Extracted material:

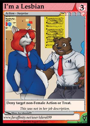 Gender: Female AP Cost: 3 GP Cost: ![]() Type: Action - Surprise Skills: Deny target non-Female Action or Treat. Flavor Text: This was not in her job description. Artist: tderek99 Edition: 2nd Vanilla Rarity: Uncommon Collector's Number: 34 / 132 |
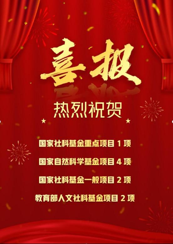 2023年度国家、教育部各类基金项目委员会已相继公布项目申报评审结果,萝莉社 共获得9项资助,其中国家社科基金重点项目1项,国家自然科学基金项目4项(其中面上3项),国家社科基金一般项目2项,教育部人文社科基金项目2项。
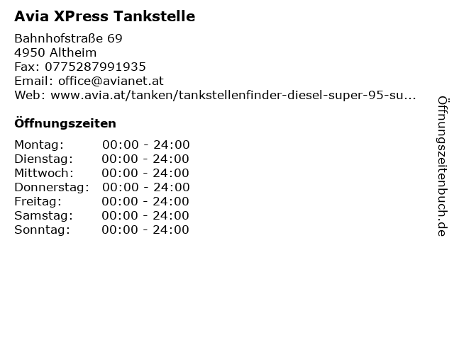 | Öffnungszeiten Avia XPress Tankstelle in Altheim anzeigen | |
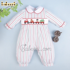Train carrying Christmas gift smocked boy bubble – BB2854A
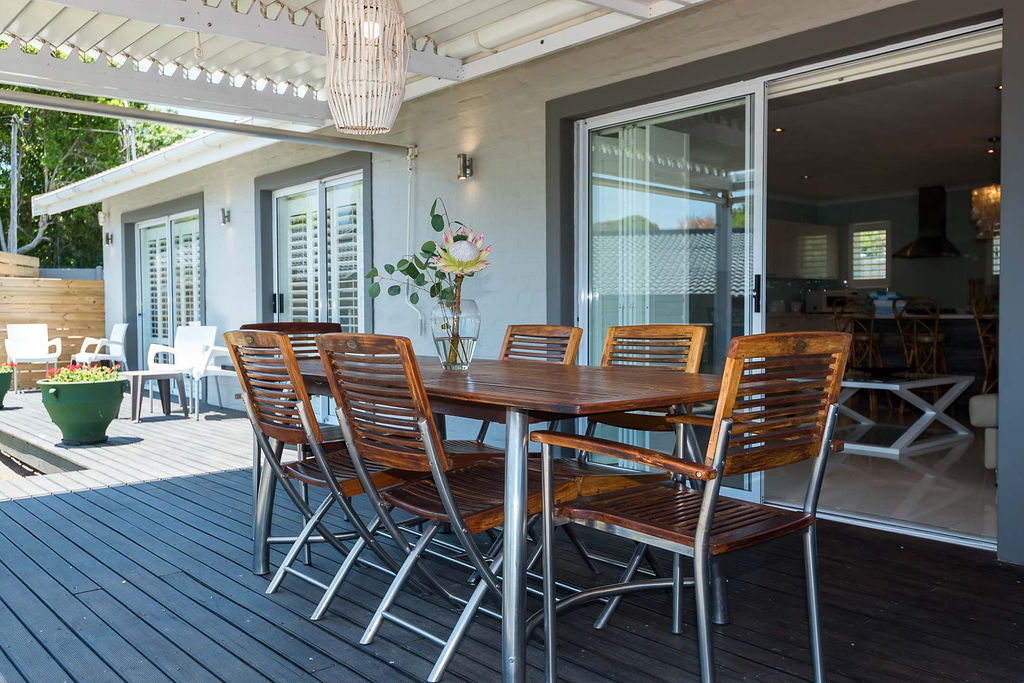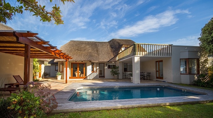 Whale Rock Beach Villa is close to the beach with spectacular views. You’ll see the sea, hear the sea and love the luxury of the space. It’s fabulous for families (with kids) and has a magnificent pool, patio with built in pizza oven, movieroom and bar as well as a lookout deck complete with boma firepit for the true African experience.
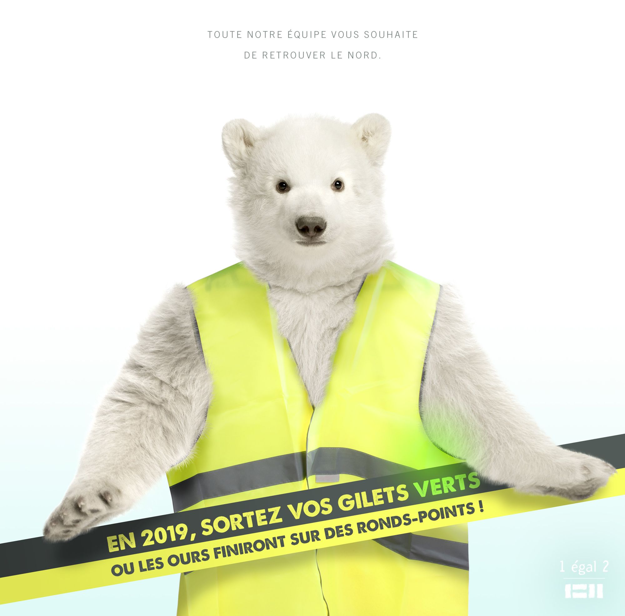 Vœux 2019 de l'agence 1=2 Sortez vos gilets verts ! Nous vous souhaitons une année de transition, pleine de fraîcheur et de bonnes surprises.
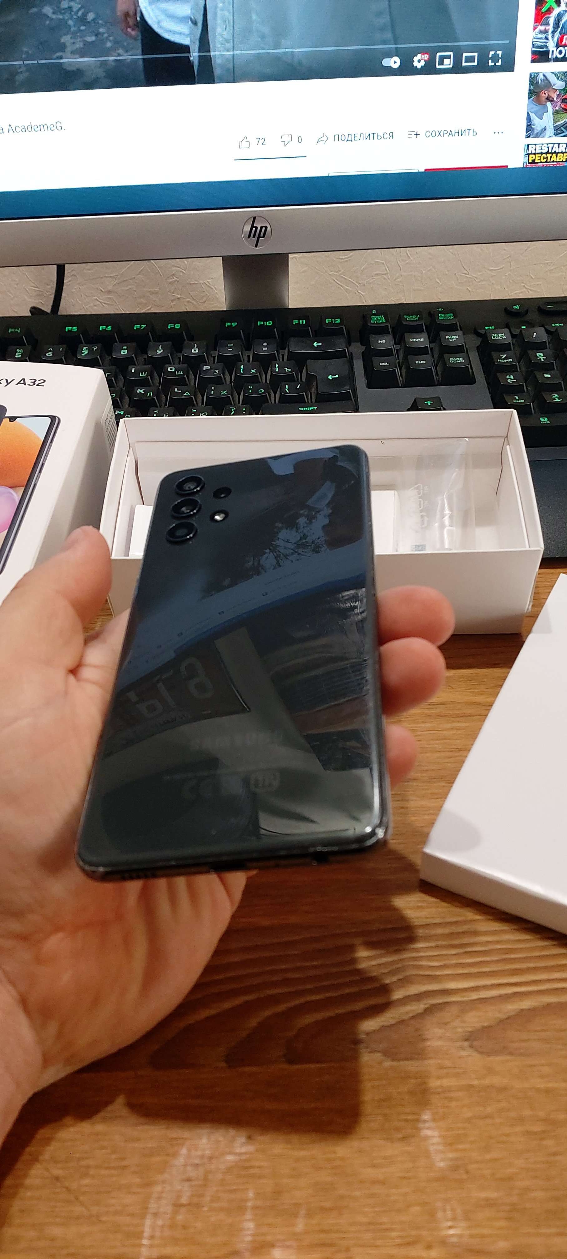 Samsung a32 64 гб в чёрном цвете. Комплект полный. По работоспособности нареканий нет, все отлично. Батарея менялась где-то месяц назад. Дисплей в идеале, задняя крышка имеет следы использования, но её не менял принципиально, так как оригинал лучше, даже если с царапинами)) Очень понравилась камера, фотографии делает действительно неплохие. Очень приятный дисплей, амолед все таки неплохая штука. Можно рассмотреть обмен) Для форума 11000
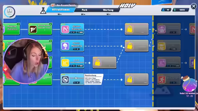 04:49:18Es werden neue Attraktionen und Verbesserungen für den Wasserpark in Betracht gezogen, darunter Schwimmbecken, Poster-Marketing zur Steigerung der Gästezahlen und Mitarbeitererholungsmaßnahmen. Es werden auch praktische Upgrades wie extra große Taschen für die Mitarbeiter und ein Kurzdistanz-Taser zur Gästekontrolle diskutiert. Die maximale Anzahl an Mitarbeitern soll erhöht werden. Ein neues Schwimmbecken wird ausgewählt und platziert. Es wird eine Jukebox gekauft, um die Stimmung im Park zu verbessern. Es wird nach Reinigungskräften gesucht und Anno wird als neuer Mitarbeiter eingestellt. Es wird festgestellt, dass es Personal für die Kasse, Reinigung und Rettung gibt, was die Situation entspannt. Es wird beobachtet, wie die Gäste die Rutschen nutzen und es wird versucht, verlorene Gegenstände zurückzugeben. Eine defekte Rutsche wird abgerissen, um Unfälle zu vermeiden. Es werden Limonaden und Hotdogs verkauft und es wird bei Problemen im Park geholfen.
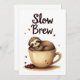 Esta adorável preguiça relaxando em uma xícara de café captura perfeitamente a essência da vida lenta e das vibrações dos amantes do café. É uma obrigação para os entusiastas da cafeína com uma atitude calma.
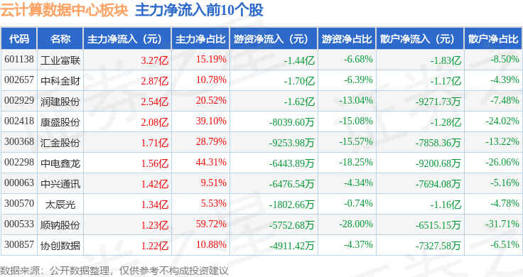从资金流向上来看,当日云计算数据中心板块主力资金净流入21.17亿元,游资资金净流出7.88亿元,散户资金净流出13.29亿元。云计算数据中心板块个股资金流向见下表:
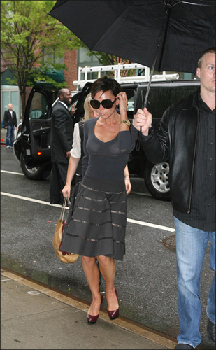 图文:维多利亚一身精致皮装出门 十分抢眼

What you will do: Starting at the first line of the material, output exactly the lines up to and including the one with "Whale Rock Beach". Do not include the pictures.

Solution:
 Gender: Female AP Cost: 3 GP Cost: ![]() Type: Action - Surprise Skills: Deny target non-Female Action or Treat. Flavor Text: This was not in her job description. Artist: tderek99 Edition: 2nd Vanilla Rarity: Uncommon Collector's Number: 34 / 132 |
 2023年度国家、教育部各类基金项目委员会已相继公布项目申报评审结果,萝莉社 共获得9项资助,其中国家社科基金重点项目1项,国家自然科学基金项目4项(其中面上3项),国家社科基金一般项目2项,教育部人文社科基金项目2项。
 | Öffnungszeiten Avia XPress Tankstelle in Altheim anzeigen | |
Train carrying Christmas gift smocked boy bubble – BB2854A
 Whale Rock Beach Villa is close to the beach with spectacular views. You’ll see the sea, hear the sea and love the luxury of the space. It’s fabulous for families (with kids) and has a magnificent pool, patio with built in pizza oven, movieroom and bar as well as a lookout deck complete with boma firepit for the true African experience.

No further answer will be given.